Reputation: 81
My data is like:
id | val
----------------
a1 | 10
a1 | 20
a2 | 5
a2 | 7
a2 | 2
I am trying to delete row that has MAX(val) in the group if I group on "id".
Result should be like:
id | val
----------------
a1 | 10
a2 | 5
a2 | 2
I am using SPARK DataFrame and SQLContext. I need some way like:
DataFrame df = sqlContext.sql("SELECT * FROM jsontable WHERE (id, val) NOT IN (SELECT is,MAX(val) from jsontable GROUP BY id)");
How can I do that?
Upvotes: 7
Views: 2210
Reputation: 81
Below is the Java implementation of Mario's scala code:
DataFrame df = sqlContext.read().json(input);
DataFrame dfMaxRaw = df.groupBy("id").max("val");
DataFrame dfMax = dfMaxRaw.select(
dfMaxRaw.col("id").as("max_id"), dfMaxRaw.col("max(val)").as("max_val")
);
DataFrame combineMaxWithData = df.join(dfMax, df.col("id")
.equalTo(dfMax.col("max_id")));
DataFrame finalResult = combineMaxWithData.filter(
combineMaxWithData.col("id").equalTo(combineMaxWithData.col("max_id"))

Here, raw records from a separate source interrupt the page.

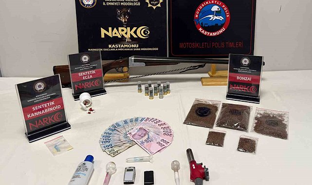 Kastamonu'da polis ekipleri tarafından gerçekleştirilen iki farklı uyuşturucu operasyonunda 6 kişi gözaltına alındı.Edinilen bilgiye göre, Kastamonu İl Emniyet Müdürlüğü Narkotik Suçlarla Mücadele Şube Müdürlüğü ile Asayiş Şube Müdürlüğüne bağlı Motosikletli Polis Timleri tarafından gerçekleştirilen 2 farklı uyuşturucu operasyonunda, 114,20 gram bonzai, 0,83 gram A.M. bonzai ham maddesi, 10 adet sentetik ecza hapı, 1 adet hassas terazi, 3 adet uyuşturucu madde kullanımında kullanılan cam düzenek, uyuşturucu madde seyreltmede kullanılan 120 mililitre aseton, 1 adet ruhsatsız yivsiz av tüfeği ve bu tüfeğe ait 9 adet kartuş, 2 adet tarihi eser niteliği taşıyan obje, suçtan elde edildiği değerlendirilen 5 bin 595 TL para ele geçirildi.2 operasyonda 6 şüpheli gözaltına alındı. Şüphelilerin işlemlerinin devam ettiği öğrenildi.
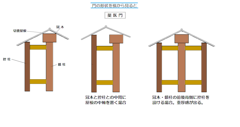 2つの図は真横から見た形状です。この図で薬医門の左右のいずれ側が外を向くかは、つねに決まっているわけではないようですが、通常は右がわが外を向き正面側となるようです。冠木と鏡柱を外に見せるわけです。
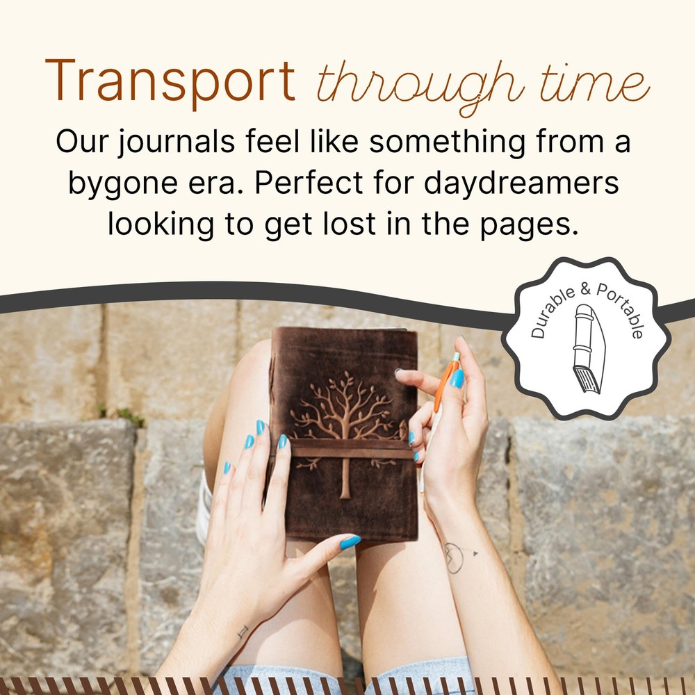 Get Yourself The Most Valuable Travelling Companion Today – Never Have To Travel Alone Again The deckle edged vintage paper looks and feels like a thousand years old is treat to write on. The paper is made from environmentally friendly cotton and jute canvas. The paper is acid-free and pH nuetral therefore is a timeless piece of art. No more worries about ink messing up the pages either. The thick pages are ideal for pen, pencil, crayons and even charcoal! We can guarantee no bleed through! The vintage leather journal is a perfect sketchbook , book of shadows,grimoire, wicca, calligraphy journal, scrapbook, art journal, leather sketchbook and manymore. The leather bound journal made from antique paper is a treasure that you can pass down the generations. Here’s Why This Vintage Leather Bound Writing Journal Is What You Are Looking For: 1. Durable and high quality leather bound cover. 2. 240 pages Vintage Paper for drawings, sketches, stories, pregnancy thoughts, writing prompts, food and exercise planning, fitness tips, and more! 3. Travel notebook for weight watchers, poets, writers, pen fountain lovers, artists, parents, world explorers, and yourself! 4. Medium size rustic scrapbook/organizer easily portable. 5. Being hand-made, no two journals are quite the same Manufactures Warranty applicable only if purchased from "NomadCraftsCo." Scroll Up & Click Add To Cart Now! UNIQUE HANDMADE VINTAGE PAPER - Nomad Crafts Co. Vintage Journal is made with 240 pages of Antique Paper which looks like it was pulled from history. You will fall in love with the the antique handmade cotton paper which is very unique to our Nomads Vintage journal. ANY KIND OF PEN - Sketch, Doodle, Write on your Leather Bound Journal with a Calligraphy Pen Fountain Pen, Brush Pen, Ball Pen, Acrylic Colours, Watercolor and many more. EXQUISITE & UNIQUE EMBOSSED TREE DESIGN: The Leather Bound Journal is made from thick Dark Brown Water Buffalo Leather which is Soft & Supple to the touch. We have taken extra to make sure that the emboss is perfect in every piece.The leather is tanned with a special oil that will allow you to create your own distressed style if you fold the leather. Our Journals are proudly made by Gifted Artisans and use the best genuine leather that is available. STURDY BINDING AND LEATHER WRAPAROUND - Sturdy hand stitched binding to make sure that no paper comes out loose from your vintage notebook . The leather wraparound keeps the papers of the journal safe and secure. OUR 365 DAY REPLACEMENT PROMISE - We are very confident that you will fall in love with your Vintage Journal that we offer a 1 year guarantee .If you are not happy with your leather journal for any reason we will offer a FULL REFUND or a FREE REPLACEMENT. No Questions asked!

.and(combineMaxWithData.col("val").notEqual(combineMaxWithData.col("max_val")))
);
Upvotes: 1
Reputation: 17872
You can do that using dataframe operations and Window functions. Assuming you have your data in the dataframe df1
:
import org.apache.spark.sql.functions._
import org.apache.spark.sql.expressions.Window
val maxOnWindow = max(col("val")).over(Window.partitionBy(col("id")))
val df2 = df1
.withColumn("max", maxOnWindow)
.where(col("val") < col("max"))
.select("id", "val")
In Java, the equivalent would be something like:
import org.apache.spark.sql.functions.Window;
import static org.apache.spark.sql.functions.*;
Column maxOnWindow = max(col("val")).over(Window.partitionBy("id"));
DataFrame df2 = df1
.withColumn("max", maxOnWindow)
.where(col("val").lt(col("max")))
.select("id", "val");
Here's a nice article about window functions: https://databricks.com/blog/2015/07/15/introducing-window-functions-in-spark-sql.html
Upvotes: 3
Reputation: 8996
Here is how to do this using RDD and a more Scala-flavored approach:
// Let's first get the data in key-value pair format
val data = sc.makeRDD( Seq( ("a",20), ("a", 1), ("a",8), ("b",3), ("b",10), ("b",9) ) )
// Next let's find the max value from each group
val maxGroups = data.reduceByKey( Math.max(_,_) )
// We join the max in the group with the original data
val combineMaxWithData = maxGroups.join(data)
// Finally we filter out the values that agree with the max
val finalResults = combineMaxWithData.filter{ case (gid, (max,curVal)) => max != curVal }.map{ case (gid, (max,curVal)) => (gid,curVal) }
println( finalResults.collect.toList )
>List((a,1), (a,8), (b,3), (b,9))
Upvotes: 0